Webster Maree J, Balagopal Ashwin, Quinn Jeffrey, Chen Ou, Sabunciyan Sarven
The Stanley Medical Research Institute, Rockville, MD, USA.
The Division of Infectious Diseases, Johns Hopkins University School of Medicine, Baltimore, MD, USA.
Transl Psychiatry. 2025 Jul 14;15(1):216. doi: 10.1038/s41398-025-03387-3.
Many epidemiological studies have shown an association between infectious agents, particularly viruses, and psychiatric disorders including schizophrenia. However, evidence of a viral infection in the brain that associates with schizophrenia (SCZ), bipolar disorder (BPD), and major depression (MDD) has not been found. A potential reason for this discrepancy may be that viruses are more likely to infect the neuroepithelium than neural tissue. To test this hypothesis, we used viral sequence enrichment technology and performed RNA sequencing in postmortem choroid plexus (CP) isolated from 84 SCZ, 73 BPD, 23 MDD cases and 76 unaffected controls (CNT) from the Stanley Medical Research Institute brain collection. This approach enabled us to identify the presence of 13 viral species in the CP of 46 subjects.

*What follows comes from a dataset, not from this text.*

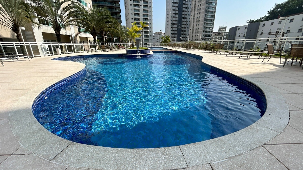 **BEST LOCATION IN GUARUJÁ, DON'T USE YOUR CAR FOR ANYTHING** 90 meters from the BEACH, LUXURY CONDOMINIUM, Air Conditioning, POOL, 2 COVERED PARKING SPACES, BARBECUE, BEACH SERVICE (with chairs and umbrella) **NEW BRAND, POCKET SPRING BOX BEDS, SMART TV** - Living room with 2 areas with sofa bed, 60” SmarTV, Wi-Fi - Suite with 1 double bed + SmartTV + closet+ mini-fridge -Bedroom with 2 single beds + closet+ balcony -2 bathrooms -Fully equipped kitchen -Balcony in the living room with chairs

We discovered that CP samples collected from subjects with SCZ and BPD are more likely to contain viral sequences. In terms of individual viruses, the Hepatitis C Virus (HCV) was the only viral species that reached the threshold of statistical significance for an association with SCZ and BPD. Therefore, we focused on HCV to characterize the association between psychiatric disorders and viruses. Analysis of the TriNetX electronic health record database with data on 285 million patients revealed that the prevalence of chronic HCV was 3.6 and 3.9 percent in the SCZ and BPD populations respectively. The prevalence of chronic HCV in these populations was almost double that observed for MDD (1.8%) and approximately 7-fold higher than the control population (0.5%). These findings confirm previous studies that report higher HCV prevalence in SCZ and BPD and suggest that HCV infection may be associated with disease pathology rather than behaviors such as intravenous drug injection, since these behaviors are present in all three disorders. We analyzed hippocampus RNA sequencing data from the subjects identified to be HCV positive via sequence capture. We found that although the virus was absent in this tissue, HCV RNA in the CP was associated with consistent host transcriptional changes in the hippocampus that were potentially related to the innate immune response. Our results are consistent with previous studies and provide clues regarding the contribution of viruses to the pathology of psychiatric disorders.
许多流行病学研究表明,感染因子,尤其是病毒,与包括精神分裂症在内的精神障碍之间存在关联。然而,尚未发现与精神分裂症(SCZ)、双相情感障碍(BPD)和重度抑郁症(MDD)相关的脑部病毒感染证据。这种差异的一个潜在原因可能是病毒更容易感染神经上皮而非神经组织。为了验证这一假设,我们使用病毒序列富集技术,并对从斯坦利医学研究所大脑样本库中分离出的84例SCZ、73例BPD、23例MDD病例以及76例未受影响的对照(CNT)的死后脉络丛(CP)进行了RNA测序。这种方法使我们能够在46名受试者的CP中鉴定出13种病毒的存在。我们发现,从SCZ和BPD受试者收集的CP样本更有可能包含病毒序列。就个别病毒而言,丙型肝炎病毒(HCV)是唯一与SCZ和BPD关联达到统计学显著阈值的病毒种类。因此,我们聚焦于HCV来表征精神障碍与病毒之间的关联。对拥有2.85亿患者数据的TriNetX电子健康记录数据库的分析显示,慢性HCV在SCZ和BPD人群中的患病率分别为3.6%和3.9%。这些人群中慢性HCV的患病率几乎是MDD患者(1.8%)的两倍,约为对照人群(0.5%)的7倍。这些发现证实了先前报告SCZ和BPD中HCV患病率较高的研究,并表明HCV感染可能与疾病病理相关,而非与静脉注射毒品等行为相关,因为这些行为在所有三种疾病中都存在。我们分析了通过序列捕获鉴定为HCV阳性的受试者的海马RNA测序数据。我们发现,尽管该组织中不存在病毒,但CP中的HCV RNA与海马中一致的宿主转录变化相关,这些变化可能与先天免疫反应有关。我们的结果与先前的研究一致,并为病毒对精神障碍病理的贡献提供了线索。